E o tal Boris, obviamente, não era Boris coisa alguma. Seu nome real era Roland Briegel.

“Sim. Estava na lista dos suspeitos. Já podemos entregar ao quatro olhos”, disse Schultz, se referindo a Himmler. A desmontagem da cena foi rápida, várias pessoas surgiram no local, e dois homens prontamente pegaram Fyodorov inconsciente e o levou embora, carregado. “Escuta, que atuação de primeira, hein! Pena que o Oscar já foi, senão eu teria gravado tudo e você ganharia com certeza!”.

“Ah, conta outra!”, riu coronel Briegel, “Aquele filme que ganhou esse ano, o ‘Ziegfeld - O criador de estrelas’, era um lixo mesmo. Eu dormi no cinema, acredita? Mas não acho que o nome ‘Roland Briegel’ soaria melhor que ‘William Powell’ no cartaz do cinema. Powell vende mais”. Ao terminar a frase, um dos seus agentes entregou a ficha do homem que Fyodorov havia revelado.

“Ótimo. Já temos o nome do nosso homem. Abner Sarkin”, disse Briegel, olhando pro papel, ”Bom, eu vou me limpar, esse gosto de sangue artificial é amargo pra cacete. E tirar esse disfarce de ‘Boris Ivanov’. Preciso levar janta pra Alice”, nessa hora Briegel olhou nos olhos de seu amigo Schultz e sentiu um cheiro de algo que ele conhecia bem, “Peraí, seu pilantra… Esse cheiro… Por acaso você tava comendo os Spritzgebäck que eu encomendei?”.

Nessa hora Schultz olhou pra cima e deu um gargalhada sonora.

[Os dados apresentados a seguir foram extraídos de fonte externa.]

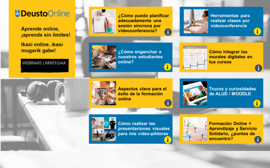 Ikasturte honetan, Deustu Online Unitatetik, egoerara egokitu behar izan dugu, eta online izan gara inoiz baino gehiago. Gure “kafe tertulia”, adibidez, aurrerago utzi ditugu, eta unibertsitateko, ikastetxeetako eta abarretako irakasleentzako on line prestakuntzari buruzko webinar ziklo ireki bat antolatzea erabaki genuen, gure esperientzian zehar taldearengandik ikasi duguna partekatzeko eta pandemiaren ondorioz helarazi dizkiguten zalantza/kezkei erantzuteko modu gisa.

Eram os tais amanteigados vienenses que ele estava devorando na sala anexa.

“Ah, qual é! Só comi uns três só, hahaha! Ainda bem que você foi bem rápido e arrancou o nome logo, senão eu ia comer tudo. Tem uma caixa inteira lá. E outra, eu fiz um baita favor pra você! Eu experimentei pra saber se estava envenenado. E olha só!”, disse Schultz, apontando pra si mesmo com as duas mãos.

“Olhar o quê?”, disse Briegel, incrédulo.

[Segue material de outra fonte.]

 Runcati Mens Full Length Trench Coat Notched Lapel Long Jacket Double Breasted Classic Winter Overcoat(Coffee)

“Eu estou vivinho da silva!”, disse Schultz, debochando. Briegel ficou apenas encarando Schultz, com olhar sério, e logo depois disso seu amigo o abraçou de lado e deixou a sala para os seus agentes terminarem a limpeza.

“Escuta, coronel, a Alice é crescidinha já. Vamos tomar uma breja, comer uns bitterballen, pra comemorar! Conheço um bar com umas holandesas garçonetes gatíssimas! E depois você vai lá ver a sua filha. Por minha conta! Quem foi que ganhou o Oscar mesmo esse ano de melhor ator? Foi o Mr. Deeds, não? Eu gostei desse! E você foi bem melhor, de verdade, cara!”, disse Schultz.

“Não, seu panaca. Quem ganhou foi o que fez o Louis Pasteur lá do… Ah, deixa pra lá. Esqueci o nome do filme…”, concluiu Briegel, enquanto saía abraçado da sala junto de seu amigo Schultz.